Хозяин ловко налил саке в чашку Хизэши. Свою я прикрыл ладонью, давая понять, что отказываюсь. Пить я не умею, быстро пьянею, а тут ещё с самого утра! Не хватало только напиться при первом же задании!
– Мне мукѝ привезут, бобов, яиц, редьки, а он тут как тут! «Ючи-сан, я разгружу?» Таскает, аж сандалии дымятся. Я его потом накормлю, напою. Медяк суну, если выручка есть. Славный был парень, жалко.
Жестом досин отослал хозяина прочь.
– Многим помогал, – он повернулся ко мне. Опустошил чашку, вытер рот платком. – Зря вы не пьёте, Рэйден-сан. Если в меру, для здоровья полезно.
– Мне чаю! – крикнул я хозяину.
– Если в меру, полезно, – повторил Хизэши, думая о чём-то своём. – А если не в меру… Весёлый Пёс был пьяницей, это каждый знал. Заводились деньжата – пропивал. Ходил без денег – клянчил выпивку. Гнали – уходил без споров. В драках не замечен. Зачем такого убивать? Несчастный случай, слепому видно.
Принесли чай.
– Тем не менее, – я вдохнул слабый аромат. Чай пах сеном и морем, – вы послали сообщение. Что-то вас гнетёт, Хизэши-сан. Что?
Досин налил вторую чашку саке.
– Я, Рэйден-сан, вчера заходил к торговцу Акайо. Весёлый Пёс у него чаще других трудился. Корзины с рыбой таскал, с осьминогами. Прямо от причала, люди видели. Я к торговцу зашёл, а торговец ко мне не вышел.
– Дома не оказалось? – предположил я.
– Оказалось. Но вышла ко мне его жена. Подтвердила, что знакома с Весёлым Псом. Сказала, что не видела его уже два или три дня. Я повернулся уходить, а в доме кричат.
– Что кричат?
– «Это я! Я!» Вот что, Рэйден-сан.
Это я, мысленно повторил я. Звучало глупо.
– Я жену спрашиваю, – досин прикончил саке, рот вытирать не стал, – кто, мол, кричит?
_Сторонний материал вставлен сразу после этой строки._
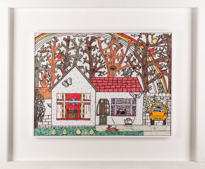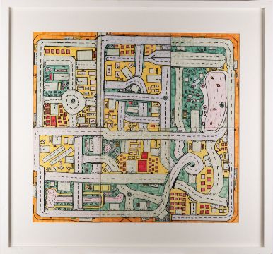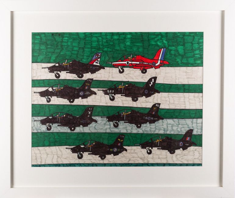 Contemporary School -Air Force aircraft -Marker pen drawing -38 x 48.5cm -Together with further marker pen drawing of a bird's eye view of a city, 62 x 57cm, and two smaller garden scenes (4)
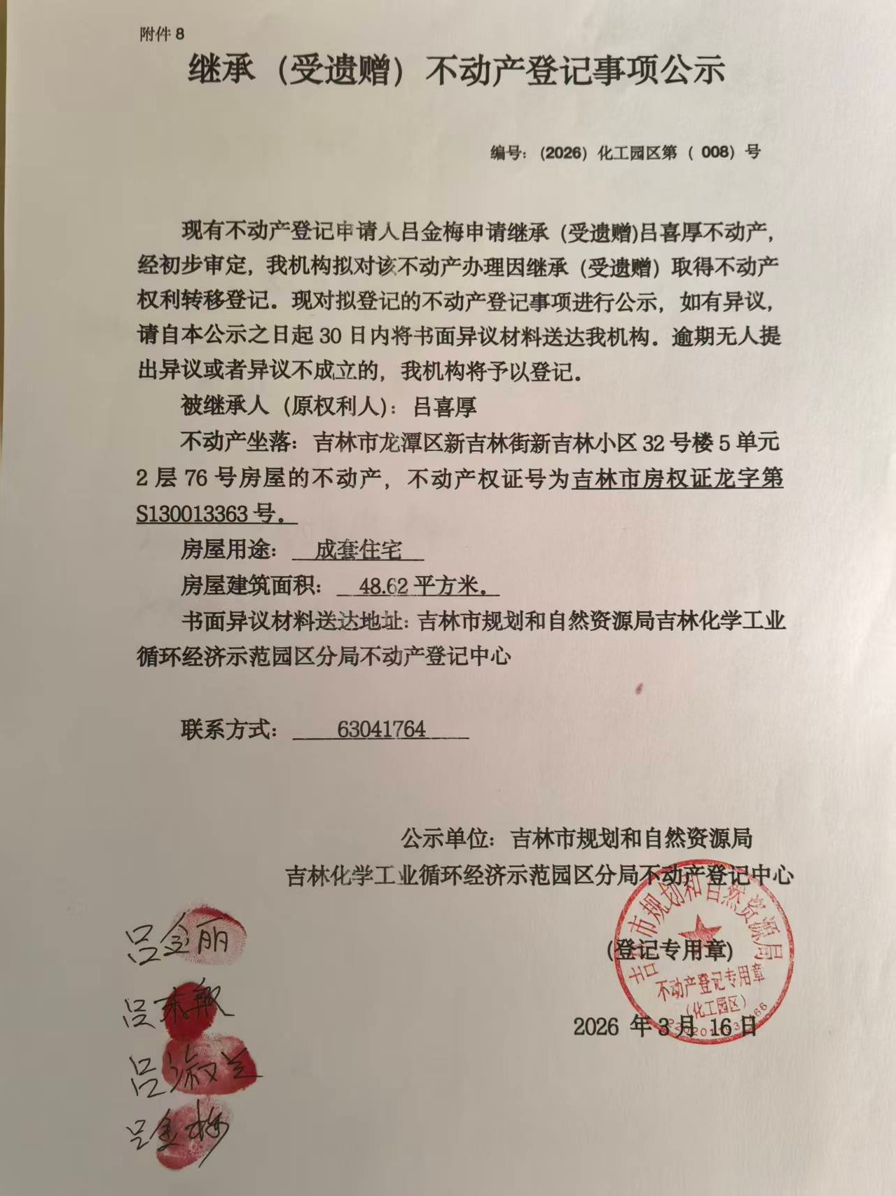 继承(受遗赠)不动产登记事项公示(吕喜厚)
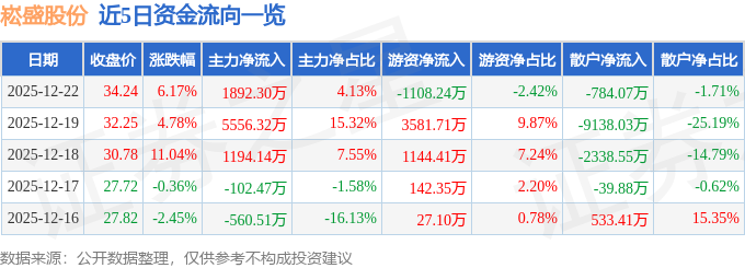 证券之星消息,截至2025年12月22日收盘,崧盛股份(301002)报收于34.24元,上涨6.17%,换手率17.85%,成交量13.3万手,成交额4.58亿元。

Она смутилась, говорит: муж мой. Напился, говорит, буянит. Всё крушит, орёт, доставляет неудобства соседям. Вот, пришлось запереть, пока не проспится.
– И вы ушли?
– И я ушёл. А что, обычное дело!
– Значит, необычное, раз отправили сообщение.
– Я пробежался по соседям. Все в один голос заявляют, что торговец Акайо пил редко и никогда не поднимал шума. Вот я и решил уведомить вашу службу. Бродяга, торговец… Одно к одному. Сам я в это лезть не хочу…
– Не хотите? – я решительно встал. – А придётся!
Хизэши вздохнул – грустней, чем на похоронах.
– Знал же, – пробормотал он. – Знал, чем кончится. Нет, докладывать побежал, дуралей…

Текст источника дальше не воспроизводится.